Eylemlerde “İstanbul Sözleşmesini uygula!”, “İstanbul Sözleşmesi yaşatır!” söylemlerinin ön plana çıkartılması, feminist hareketin reformist karakterini bir kez daha ortaya koydu. Özellikle Kadın Meclisleri-Kadın Cinayetlerini Durduracağız Platformu’nu, uzun süredir yürürlükte olduğu halde hiç uygulanmamış bir sözleşmeyi kadınları yaşatacağı iddiası ile öne çıkartması, burjuva karakterde bir kadın hareketi sınırlarında olduklarını gösterdi.

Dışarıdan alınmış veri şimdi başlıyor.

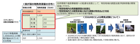 地熱発電の開発のためには、事前の地熱資源量調査が不可欠であるが、自然公園法に基づく「特別地域」の調査は、民間企業では情報・アクセス・社会環境等の面からリスクが大きく、参入が困難であった。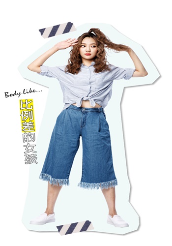 #五五身的女孩其實是很幸運的~不是肉肉甩不掉的問題都很好解決!高腰的短褲是妳選擇的第一優先,用高腰來增加腿的比例,只要再來雙高跟鞋,妳就變成長腿妹妹囉~

Öte yandan, olağanüstü bir dönemde gerçekleşen bu eylemler, feminist hareketin tüm sınırlayıcı etkisine rağmen, kadın sorununa karşı büyüyen öfkenin taşıdığı potansiyeli bir kez daha gözler önüne serdi.
“Yaşamak için sosyalizm!”
İşçi ve emekçi kadınların yaşadığı çok yönlü sorunlar pandemi sürecinde çok daha ağırlaştı. Kısa çalışma ödeneği, ücretsiz izin gibi esnek ve güvencesiz çalışma modelleri işçi ve emekçi kadınlar üzerindeki sömürüyü arttırmanın önemli araçlarına döndü. Pek çok kadın salgın sürecinde işsiz kaldı ya da okulların kapalı olması, bakacak kimse bulmakta yaşanan zorlukların artması sebebiyle çocuk bakımı vb. için işten ayrılmak zorunda kaldı. Bu süreçte işçi ve emekçi kadınlar hem evde hem de işyerlerinde şiddete daha açık hale geldiler. Yansıyan veriler tüm dünyada kadınlara yönelik ev içi şiddetin arttığını gözler önüne sererken, işyerlerinde de kadın işçilerin karşı karşıya kaldığı baskı, mobbing ve taciz olayları arttı.
Pandemi gibi olağanüstü bir süreçte 25 Kasım Kadına Yönelik Şiddete Karşı Uluslararası Mücadele Günü’nü karşılarken, geride kalan süreç işçi ve emekçi kadınların öfkesinin taştığını göstermektedir. Tüm dünyada sokaklara taşan bu öfkenin bu sene 25 Kasım’da da sokakları dolduracağı açıktır. Başta kadına yönelik şiddet olmak üzere işçi ve emekçi kadınların karşı karşıya kaldığı çok yönlü sorunlar karşısında büyüyen öfkeyi ve buna karşı yöneltilen tepkinin ufkunu düzen sınırlarının dışına çıkartmak konusunda biz sınıf devrimcilerine önemli bir sorumluluk düşüyor. Kadına yönelik şiddetin kaynağında kapitalist sömürü düzeninin durduğunu ve kadınların yaşadığı tüm sorunların çözüm yolunun sosyalizm mücadelesini büyütmekten geçtiğini anlatmak sorumluluğudur bu.
25 Kasım yaklaşırken, sınıf devrimcileri olarak başta işçi ve emekçi kadınlar olmak üzere tüm işçi ve emekçilere, döne döne şiddet üreten kapitalist sömürü düzenine karşı “Yaşamak için sosyalizm!” şiarını daha güçlü bir biçimde taşımalı, AKP-MHP iktidarının kadına yönelik şiddeti besleyen ve meşrulaştırmaya çalışan baskıcı-gerici politikalarına karşı “Kadın-erkek el ele, örgütlü mücadeleye!” çağrısını yükseltmeliyiz.
25 Kasım Günü gerçekleşecek kadın eylemlerine nicel ve nitel olarak güçlü bir katılımı örgütlemek önemli bir yerde duruyor. Müdahalelerimiz bugün için kadın eylemlerinde devrimci bir taraflaşma yaratamayacak olsa da, önemli bir etki yarattığını unutmamalıyız.
Mirabel kardeşlerden miras kalan, diktatörlüğe karşı direniş bayrağını yükseltme anlamına gelen 25 Kasım çağrısını en güçlü şekilde örgütlemek için seferber olalım!